The rather frustrating thing is that stricter interpretations of the regulation have not felt good. Yes, the killing off of sneaky language (‘click if you don’t want to receive marketing’) has certainly been a good thing, but a focus on user consent for tracking and personalisation has resulted in sometimes stultifying user experiences.

For starters, US-based companies such as Walmart-owned Modcloth, the Chicago Tribune, NPR and, ironically, the Association of National Advertisers have gone as far as effectively shuttering their websites to EU users, rather than risk non-compliance in these areas. But more annoying are the consent management platforms (CMPs) being used by many publishers.

CMPs present customised pop-ups to users, allowing them to opt in to data sharing with ad partners and decide for what purposes the publisher can process their data – analytics or personalisation, for example. In theory, which is all we have had for the past few years from studying the GDPR text, this is a wonderful thing.

In reality, though, there are issues with these pop-ups. First, without stereotyping my grandmother, the last thing she needs when she visits a new and unfamiliar website is more shit popping up in her browser. Conceptually, it is difficult for her to understand the competing designs on her attention coming from the operating system, browser, publisher and advertiser (let alone ad networks, demand-side platforms, etc).

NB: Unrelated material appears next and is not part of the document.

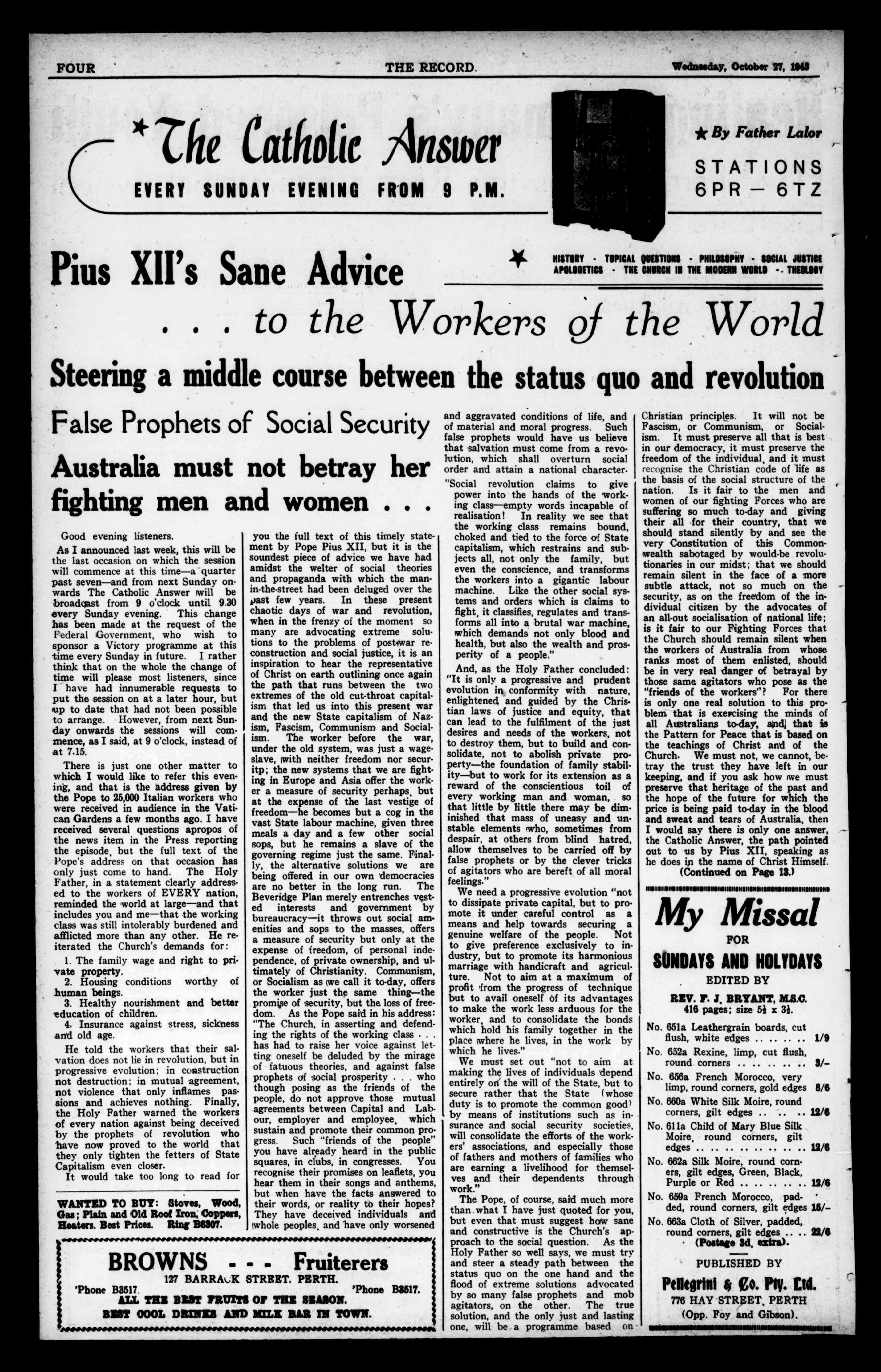 CONSULT withour ADVERTISERS forallyour REQUIREMENTS theRecord OfficialOrganoftheArchdioceseofPerth ESTABLISHED1874 CHM&GLASSandPLATED WAREIMPORTERS. OTLEYPLAGE,OffMURRAY STREET(RoarSavoyHotel) Convents,Colleges,Institutions andSchoolsSpeciallyCateredfor PriceListsandCatalogueon Application. PhoneB9651. Kelly&Rodoreda LateofJOHNDYNON&CO.

In her mind, if she has entered her credit card details on a website, then ‘the computer’ has her bank details and every single message could be of paramount importance. I’m getting sidetracked here, but it’s easy to see how the ecosystem has already failed her in some ways, even before CMPs arrived.

Display advertising is not keeping publishers afloat, yet it is still ruining websites. Hmm.

The next problem is that even for digital natives, this stuff is annoying. Mobile experiences have long been compromised by pop-ups and now we have added in a bunch more to slow things down and conceal the actual content further still. I’ve even found mobile websites where, presumably due to a bug in this new tech, it is impossible to tap the ‘agree’ or ‘continue’ button and I have been unable to view any content at all.

Dan Barker, an excellent ecommerce and digital marketing consultant, pointed out on Twitter: “Lots of big media sites are using a GDPR plugin from Quantcast to manage privacy options. But it is very odd… Here’s an example from @politico. I turn everything off, click ‘Save & Exit’, reload the page, and they fire 58 trackers before asking me to opt in again.”

There’s another issue: CMPs or more bespoke preference centres are also not consistent. In an article on Medium, programmer Giacomo Tesio writes about his experience on publisher InfoWorld’s website. He was served a privacy pop-up briefly saying that some (unnamed and unnumbered) third parties need consent to store cookies, undertake personalisation, etc. Two options were presented – ‘update privacy settings’ and the rather throwaway ‘sounds good, thanks!’.

Tesio writes that the pop-up expanded into a window where he could precisely decide which permissions he gave the website. Everything seemed to him to be clear, well explained and free from deception until the last step – ‘vendor consents’.

InfoWorld wanted to share his data with 338 vendors, and with a single click of ‘sounds good, thanks!’, that’s what it would have done. When Tesio realised this, he decided not to give any consent whatsoever, however in order to make this choice he had to click 338 times – there was no ‘deselect all’ button. This seems like a dark pattern in sheep’s clothing.

Let’s end on a wistful note. USA Today, as developer Marcel Freinbichler points out on Twitter, “decided to run a separate version of their website for EU users, which has all the tracking scripts and ads removed. The site seemed very fast, so I did a performance audit. How fast the internet could be without all the junk.” The result was that the site required just 500KB of data to load, rather than 5.2MB.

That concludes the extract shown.